Im assuming you discovered the fake accounts ect ? Had he actually met with anyone or had he simply not had the opportunity ? Either way he clearly gave himself permission to do this knowing it was out of order and youd be upset but went ahead anyway .

What would you do if you found out he had crossed the line with this woman in whatever way ?

Can you look at his phones / emails perhaps ?

Ray81 · 26/03/2011 18:48

Dignified i discovered the accounts by mistake tbh, he had never met anyone as he put a picture of some real hunk on the account profile so it was all a fantasy, he was talking with one particular woman and i saw ALL the messages and they were just friends but he was talking to other women and did have cyber sex plus looking at alot of porn. When i discovered it all i was 9 months pg and he was ending it all by telling people he was going away to a remote part of the world to work, it did go on for nealry a yr though without me knowing ie no change in behaviour other then staying up late. i was so shocked as he wasnt the man i thought he was and it took alot of talking for me to understand why he had done it. Basically t was the excitment he was additiced to which he is no longer getting .

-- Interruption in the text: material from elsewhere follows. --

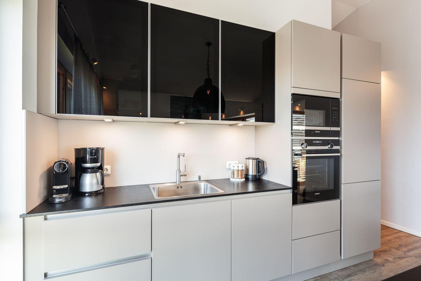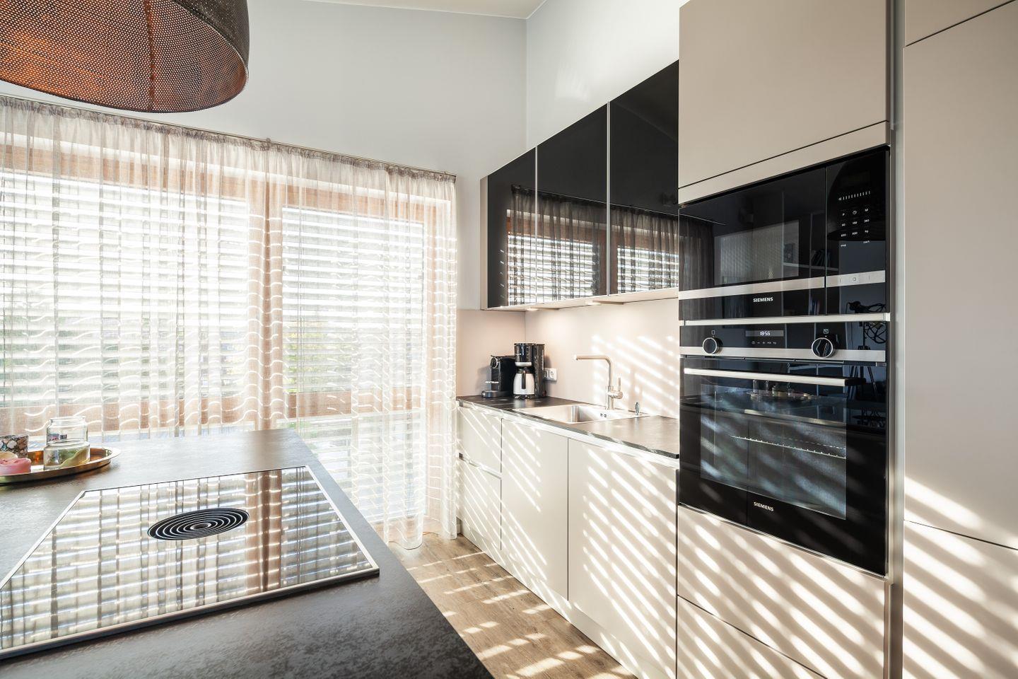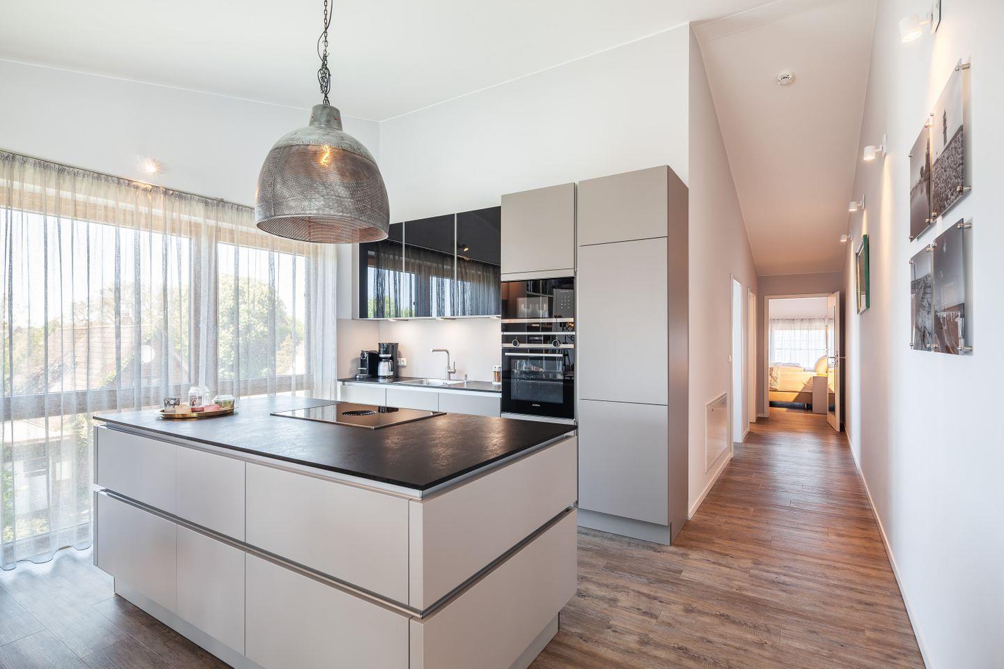 Kühlschrank mit Gefrierfach, Kochinsel mit Induktionsherd und Abluftanlage, Backofen, Kaffeemaschine, Espressomaschine, Wasserkocher, Toaster, Eierkocher

If i found out he had crossed the line with this woman our marriage would be over i have forgiven once and i couldnt do it again.

Have checked phone and nothing untoward, cannot access email as it is a workone so no way of me getting into that.

I just dont know what to think he is so evasive about her when i ask questions makes me think something is going on but i dont know what.

OP posts:
ENormaSnob · 26/03/2011 18:55

From your further posts I think you have reason to be suspicious.

LittleMissHissyFit · 26/03/2011 18:56

Oh yes, your instinct is spot on Ray. I'm so sorry.